# What is being asked:
Return only the line containing "Berrylush Women Plus" and each line after it, exactly as written, through the end of the records.

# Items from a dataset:
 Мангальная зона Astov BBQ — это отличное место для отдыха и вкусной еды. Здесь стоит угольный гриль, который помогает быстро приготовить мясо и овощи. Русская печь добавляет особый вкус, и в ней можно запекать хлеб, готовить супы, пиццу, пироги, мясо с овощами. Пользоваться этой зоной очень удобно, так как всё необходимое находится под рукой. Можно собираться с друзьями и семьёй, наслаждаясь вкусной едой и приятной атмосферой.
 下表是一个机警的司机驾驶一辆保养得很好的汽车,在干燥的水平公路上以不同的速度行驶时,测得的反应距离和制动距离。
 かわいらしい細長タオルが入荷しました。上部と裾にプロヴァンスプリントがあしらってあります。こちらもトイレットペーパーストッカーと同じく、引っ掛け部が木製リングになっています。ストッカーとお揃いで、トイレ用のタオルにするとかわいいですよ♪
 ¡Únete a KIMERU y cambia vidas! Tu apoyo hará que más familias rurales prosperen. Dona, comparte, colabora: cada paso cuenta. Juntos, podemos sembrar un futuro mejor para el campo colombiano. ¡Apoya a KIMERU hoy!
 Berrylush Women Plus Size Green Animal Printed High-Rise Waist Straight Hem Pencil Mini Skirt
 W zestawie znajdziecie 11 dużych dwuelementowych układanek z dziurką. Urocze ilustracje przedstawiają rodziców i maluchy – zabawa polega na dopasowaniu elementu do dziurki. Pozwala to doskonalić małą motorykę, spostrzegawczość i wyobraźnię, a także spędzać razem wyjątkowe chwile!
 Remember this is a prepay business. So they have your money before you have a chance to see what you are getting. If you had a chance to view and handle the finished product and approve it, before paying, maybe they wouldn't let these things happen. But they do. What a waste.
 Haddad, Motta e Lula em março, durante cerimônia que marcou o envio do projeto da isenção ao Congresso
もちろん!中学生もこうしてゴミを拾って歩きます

# Written response:
 Berrylush Women Plus Size Green Animal Printed High-Rise Waist Straight Hem Pencil Mini Skirt
 W zestawie znajdziecie 11 dużych dwuelementowych układanek z dziurką. Urocze ilustracje przedstawiają rodziców i maluchy – zabawa polega na dopasowaniu elementu do dziurki. Pozwala to doskonalić małą motorykę, spostrzegawczość i wyobraźnię, a także spędzać razem wyjątkowe chwile!
 Remember this is a prepay business. So they have your money before you have a chance to see what you are getting. If you had a chance to view and handle the finished product and approve it, before paying, maybe they wouldn't let these things happen. But they do. What a waste.
 Haddad, Motta e Lula em março, durante cerimônia que marcou o envio do projeto da isenção ao Congresso
もちろん!中学生もこうしてゴミを拾って歩きます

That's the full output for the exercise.